Соперник его краешком глаза, конечно же, замечает и отмечает все эти ухищрения, тонкость дела, его ювелирность и таинство. Он заметно убавил апломба, вспотел у костра, молча крутит свою рукоятку. Вместе с ней над пылающей грудой углей, словно бы при замедленной съемке, крутится и истекающий жиром глухарь.

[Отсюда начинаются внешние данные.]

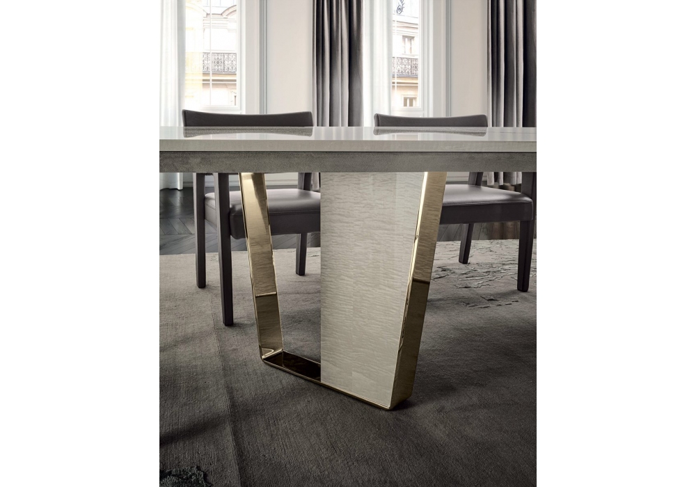 Keope von Giuseppe Viganò für Longhi entworfen, ist ein Tisch mit zwei trapezförmigen Beinen aus lasergeschnittenem, geschliffenem Metall mit lederbezogenen Einsätzen. Geformte und unterteilte Platte aus mehreren Materialien, aus Marmor und in 2 oder 3 Teile geteilt. Die Platte mit modularen Teilen in verschiedenen Ausführungen ist auf Anfrage erhältlich.

То – по ходу часовой стрелки, то – вспять. То – по ходу, то – вспять. Ожидала ли ты, сибирская птиченька, угадать на такую механику! Понаехало в твои дикие, нелюдимые вотчины всеискусных и шумных народов – всяк на свой манер тебя, птиченьку, и поджаривает. Из-за тысяч верст собрались к кострам. Повар с поваром спорят, видишь ли. Что-то будет...
Кавказец разгреб под вертелом угли и теперь «притомлял» глухаря, остужал. Крылья у птицы от лютого жара встопорщились, пальцы лапок дымились, румянились мускулистые ноги, тушка выглядела соблазнительно. Вызывающе соблазнительно!
У костров уже хлопотали помощники. Расстилали газеты, ломтями нарезали хлеб, кто-то срочно помчался за солью.
Юра пока не спешил, чему дальнозоркий южанин лишь радовался. Его верным союзником был взбодрившийся, разыгравшийся в недрах публики аппетит. Голод – критик отходчивый. Это он знал. И поэтому, как ты там ни крути, а первый глухарь должен быть несравненно вкуснее второго. И по Павлову и без Павлова. Любой грузчик докажет...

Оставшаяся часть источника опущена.